_Exercise prompt_:
Where does the word "with" show up in the data? Please find each such line and copy it.

::: Information shown :::

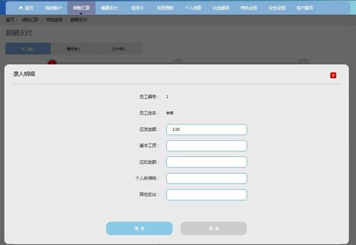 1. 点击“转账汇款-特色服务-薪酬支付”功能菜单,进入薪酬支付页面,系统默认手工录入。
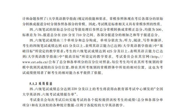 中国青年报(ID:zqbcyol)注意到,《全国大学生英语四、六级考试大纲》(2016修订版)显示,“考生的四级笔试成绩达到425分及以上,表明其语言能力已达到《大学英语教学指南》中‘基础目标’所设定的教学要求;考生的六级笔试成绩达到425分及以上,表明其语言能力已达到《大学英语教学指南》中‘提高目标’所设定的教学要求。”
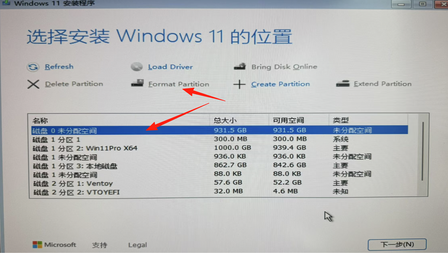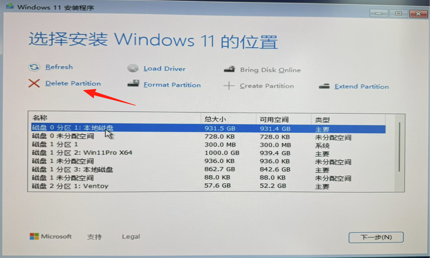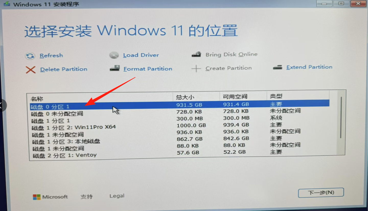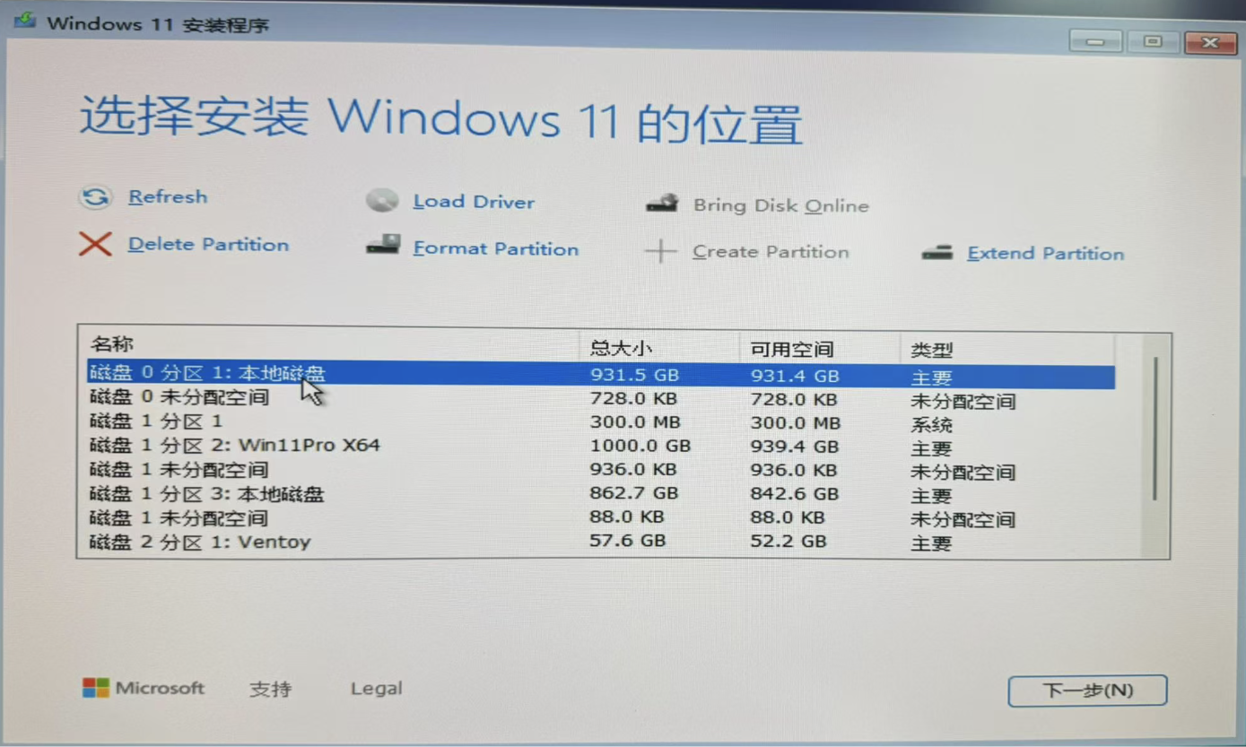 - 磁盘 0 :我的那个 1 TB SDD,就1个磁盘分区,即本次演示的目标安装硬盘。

:::
::: Information shown :::

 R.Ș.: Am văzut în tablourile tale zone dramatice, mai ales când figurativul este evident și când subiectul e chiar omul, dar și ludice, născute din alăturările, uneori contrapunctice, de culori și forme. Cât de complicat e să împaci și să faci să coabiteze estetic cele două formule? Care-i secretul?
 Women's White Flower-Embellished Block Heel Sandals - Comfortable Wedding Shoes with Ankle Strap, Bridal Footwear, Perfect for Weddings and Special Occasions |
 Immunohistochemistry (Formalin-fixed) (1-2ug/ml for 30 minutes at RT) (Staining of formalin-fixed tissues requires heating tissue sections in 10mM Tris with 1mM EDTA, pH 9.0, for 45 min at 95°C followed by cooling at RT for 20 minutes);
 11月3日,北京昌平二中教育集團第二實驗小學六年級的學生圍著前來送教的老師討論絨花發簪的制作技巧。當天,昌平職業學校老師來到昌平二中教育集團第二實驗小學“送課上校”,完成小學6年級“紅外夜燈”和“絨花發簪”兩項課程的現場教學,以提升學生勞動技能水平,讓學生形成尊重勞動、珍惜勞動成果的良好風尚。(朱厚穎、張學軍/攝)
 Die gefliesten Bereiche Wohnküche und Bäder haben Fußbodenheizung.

:::
::: Information shown :::

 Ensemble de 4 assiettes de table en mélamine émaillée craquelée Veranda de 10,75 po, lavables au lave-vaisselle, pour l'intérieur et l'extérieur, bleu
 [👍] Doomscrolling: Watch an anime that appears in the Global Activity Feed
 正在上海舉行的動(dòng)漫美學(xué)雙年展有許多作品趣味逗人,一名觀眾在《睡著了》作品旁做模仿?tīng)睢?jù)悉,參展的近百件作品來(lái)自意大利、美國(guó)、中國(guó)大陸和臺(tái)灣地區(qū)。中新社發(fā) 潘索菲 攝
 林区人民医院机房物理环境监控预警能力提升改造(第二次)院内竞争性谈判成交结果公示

:::

_Answer to this task_:
 Women's White Flower-Embellished Block Heel Sandals - Comfortable Wedding Shoes with Ankle Strap, Bridal Footwear, Perfect for Weddings and Special Occasions |
 Immunohistochemistry (Formalin-fixed) (1-2ug/ml for 30 minutes at RT) (Staining of formalin-fixed tissues requires heating tissue sections in 10mM Tris with 1mM EDTA, pH 9.0, for 45 min at 95°C followed by cooling at RT for 20 minutes);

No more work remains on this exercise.